As always with Samsung, particular attention has been paid to its connectivity features, which include Wi-Fi, NFC and Bluetooth. Worth noting is the new 205 phase detect autofocus points and the camera’s capability to capture an impressive 15 fps, not to forget the 4K video recording. Its price Stateside when it arrives a little later this year is pegged at $1 500. (R16 500).

Leica M Edition 60

Leica’s magnificent M3 is regarded as the best rangefinder (if not camera) ever made, and the German company is celebrating the 60th anniversary of the iconic M-System that it spawned, with the debut of the M Edition 60. Back to basics applies here in serious measure, since there is no LCD review screen at the back of the camera - as with film, if you want to see what you shot you will have to wait. With only 600 units available, you better talk to your bank manager to have your $19 500 ready this October.

Fujifilm X100T

Fujifilm’s X100 range carries a special place in many a street photographer’s heart thanks to its fixed lens, compact size and retro looks. The X100T is set to further this love affair with a new advanced hybrid viewfinder that combines the best of optical and electronic. This 16 megapixel camera with its 23mm (35mm equivalent) f2 lens camera is set to hit locally soon with a RRP of R15 000.

Canon PowerShot G7 X

Also unveiled at Photokina by Canon is the newly announced, small but mighty PowerShot G7 X. Looking to compete against Sony’s RX100 range, the light (304 g) camera sports a 1.0-type back-illuminated 20.2 megapixel CMOS sensor and f/1.8-2.8, 4.2x lens (24-100mm) in a compact metal body. The G7 X doesn’t look like it has been spared any high-end features normally found on DSLRs, including a 31 point AF (autofocus) system, which caters for Touch AF, the Digic 6 image processor, 6.5 fps, while offering full HD 60p video as well. It further sports integrated Wi-Fi and NFC.

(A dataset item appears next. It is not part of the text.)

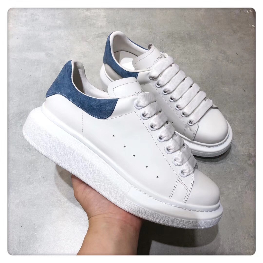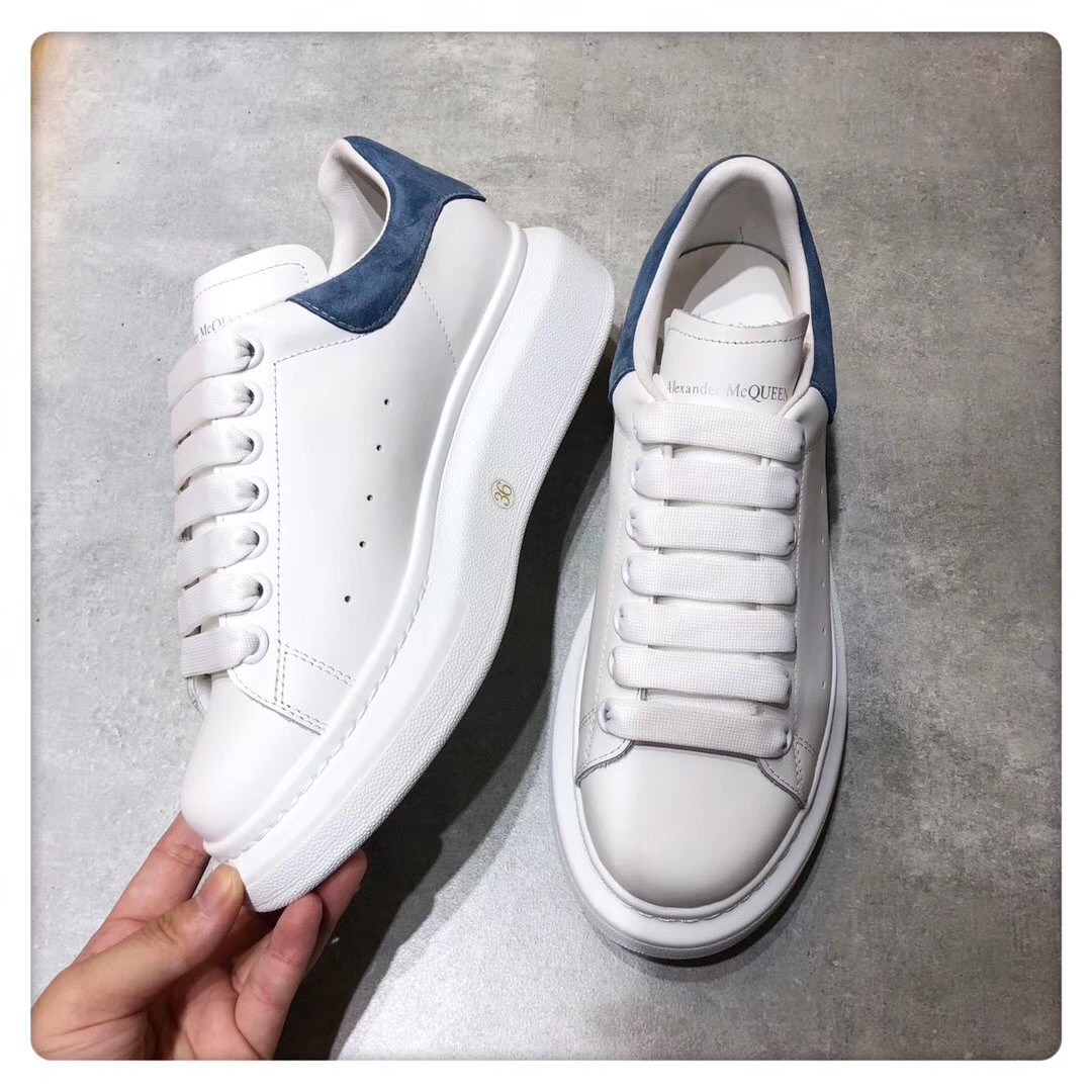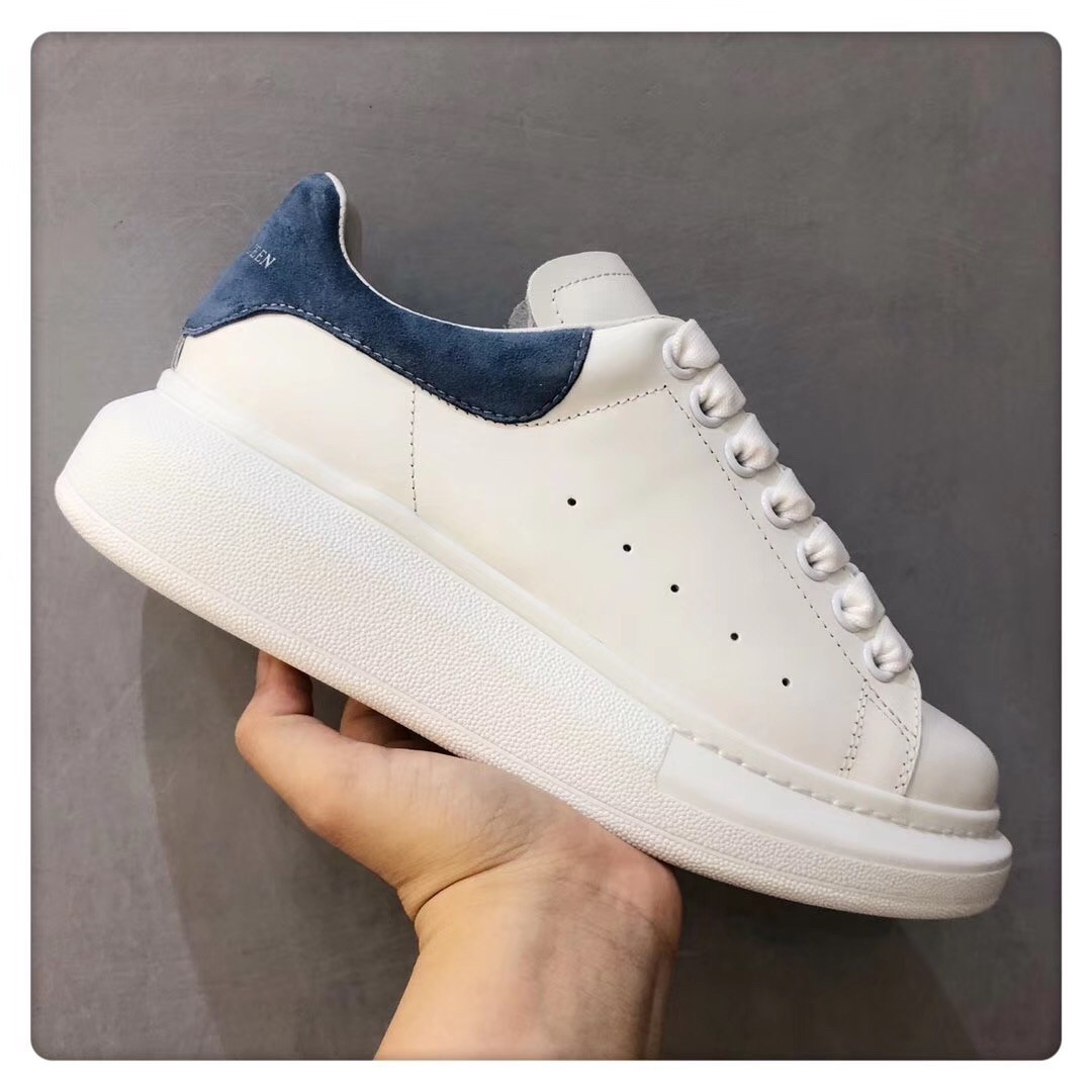 Alexander McQueen updates the sneakerhead trend with a monochrome blue and white rendition. This style is made from a flatform white sole and upper, contrasting against a blue suede heel counter and signature to the tongue. Pair yours with dresses and pants all season long.

Common settings, such as aperture and shutter speed can be adjusted using Canon’s Lens Control ring while the ISO range is a respectable 100-12800. Local prices have not been confirmed, but Stateside the camera is expected to cost in the region of $700 (R7 700).

Panasonic Lumix CM1

There’s no denying that smartphones have steadily encroached on the fortunes of dedicated cameras over the best year, but rather than push back against the trend, Photokina saw one manufacturer – Panasonic – show how it has wholeheartedly embraced it. Its announcement begged the question - what do you get when you cross a smartphone with a Leica lens? Probably something close to this, the company’s newest offering, which boasts a 1” sensor, 20 megapixel resolution and oh yes, a f/2.8 Leica lens.

Also onboard is a 4.7” screen with a 1080p resolution, a 2.3 GHz quad-core Snapdragon processor and 2 GB of memory. Harder to tell is whether the device is intended to be a capable smartphone with exceptional imaging capabilities, or a capable compact with the ability to function as a smartphone too. At present though it is only launching in France and Germany for €900 (R12 750).

A good time

Ultimately, this year’s Photokina showed that the camera (whether DSLR, compact or mirrorless) segment is still going strong, and that it has never been a better time to be a photography enthusiast.